Information shown:
━━━━

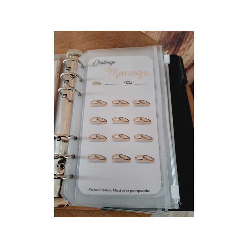 Fiche plastifiée mini défi/challenge pour enveloppe budgétaire. Pour écrire, le mieux est d'utiliser un marqueur effaçable afin de pouvoir réutiliser cette fiche une fois le défi terminé.
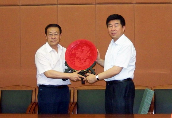 郭大成书记代表学校向鄂尔多斯市政府赠送纪念品
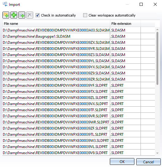 With the Clear workspace automatically checkbox you can control whether the affected files should be removed directly from the workspace after the batch import has been performed. This option may be useful if repeated loading of the same parts into the workspace affects the general performance. Documents which are already in the workspace at the time of import are not affected by the emptying procedure.
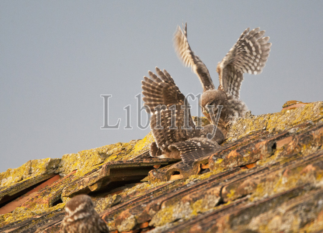 Little Owl immatures fighting, Athene noctua

━━━━

The task: Set down the data exactly as it appears, without any images.

Answer space:
 Fiche plastifiée mini défi/challenge pour enveloppe budgétaire. Pour écrire, le mieux est d'utiliser un marqueur effaçable afin de pouvoir réutiliser cette fiche une fois le défi terminé.
 郭大成书记代表学校向鄂尔多斯市政府赠送纪念品
 With the Clear workspace automatically checkbox you can control whether the affected files should be removed directly from the workspace after the batch import has been performed. This option may be useful if repeated loading of the same parts into the workspace affects the general performance. Documents which are already in the workspace at the time of import are not affected by the emptying procedure.
 Little Owl immatures fighting, Athene noctua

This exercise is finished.